LiFT (Lithium for Future Technology)
Identifying sustainable lithium resources for a low carbon economy
We are investigating geological resources that have the potential to produce lithium, including Li-clays in the USA and Turkey, Li-rich borates in Serbia and Li-micas in granites and pegmatites across Eurasia, Africa and Australia.
How do lithium deposits form?
Major lithium deposits are largely formed in parts of the world where plate tectonics have led to continental collision.
We will test the hypothesis that within these collisional environments there is a 'life-cycle' of tectonic processes that is reflected in the formation of different types of lithium deposits.
Lithium is moderately concentrated in igneous rocks that are formed in this setting. Lithium is a relatively soluble element that is readily leached and weathered from these rocks (particularly by hot geothermal water) and the lithium-rich waters may accumulate in basins that are also formed during continental collision.
If the climate is arid, the waters evaporate to form a lithium-rich brine that can be an economically viable lithium deposit in its own right. In these brine basins, complex chemical processes and extreme microbial life may play a role in cycling elements and concentrating the lithium into sediments.

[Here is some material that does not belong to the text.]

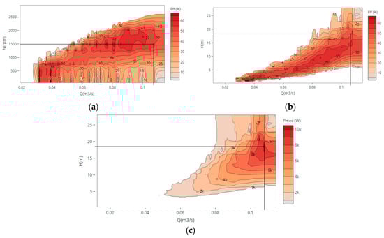 Hill charts obtained from new proposed affinity laws for discharges between 50 and 155 L/s: (a) Efficiency vs. flow and rotational speed; (b) Efficiency vs. flow and head; (c) Mechanical vs. flow and head.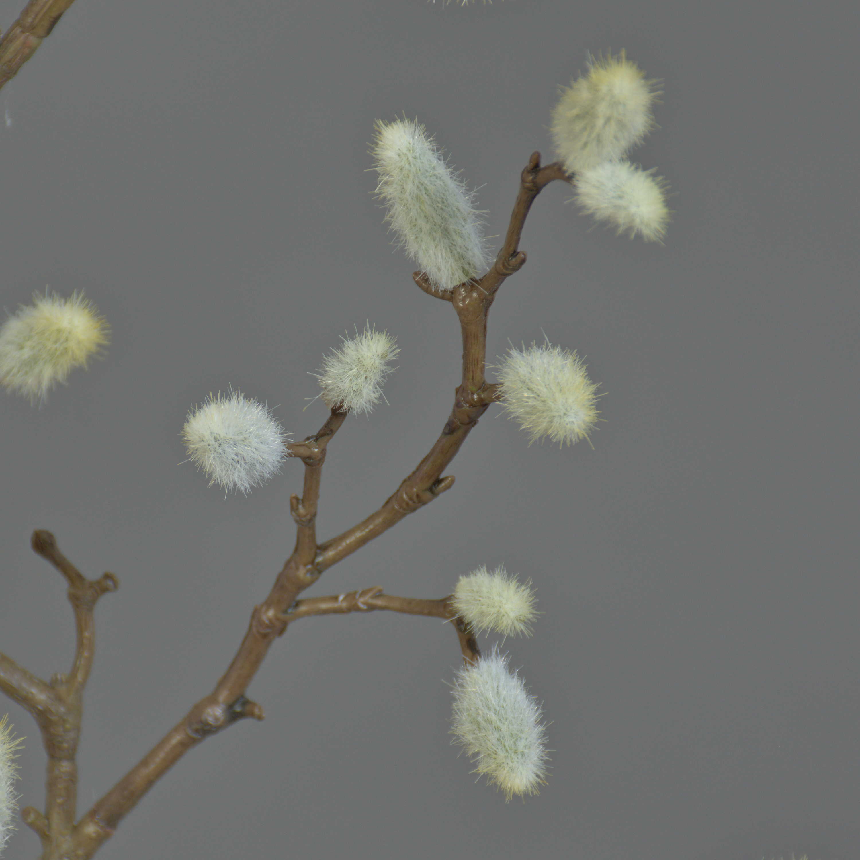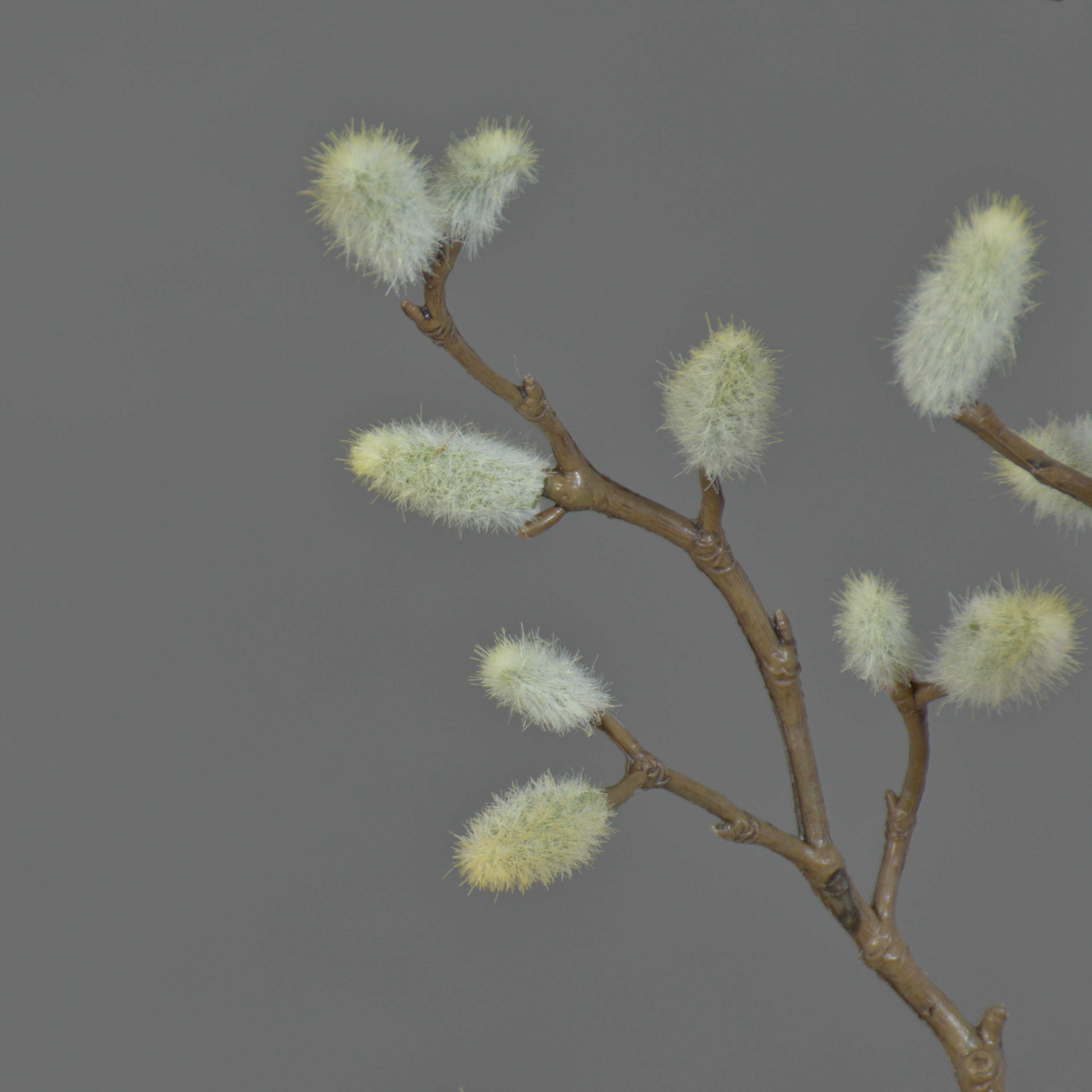 Der fein gearbeitete Magnolien Kunststoff Zweig KOTORI hat ca. 45 graue Kätzchen und einer Gesamtlänge von ca. 75 cm.

Over time, the geothermal and volcanic activity ceases and the lithium-rich sediments may be buried and thus preserved for millions of years. Subsequently, these buried rocks may also serve as a source of lithium that can be extracted. With further burial and then heating, these lithium-rich sediments can reach temperatures at which they undergo melting and the formation of lithium-enriched pegmatites and granites.
At each stage of the lithium life cycle there are uncertainties regarding the source of lithium and how it is transported and trapped.
The different types of lithium deposits also vary in how easy it is to extract the lithium, and we need to consider how to do this in an environmentally responsible way.
We will tackle these problems by bringing together a group of scientists who have considerable expertise in all aspects of this lithium journey.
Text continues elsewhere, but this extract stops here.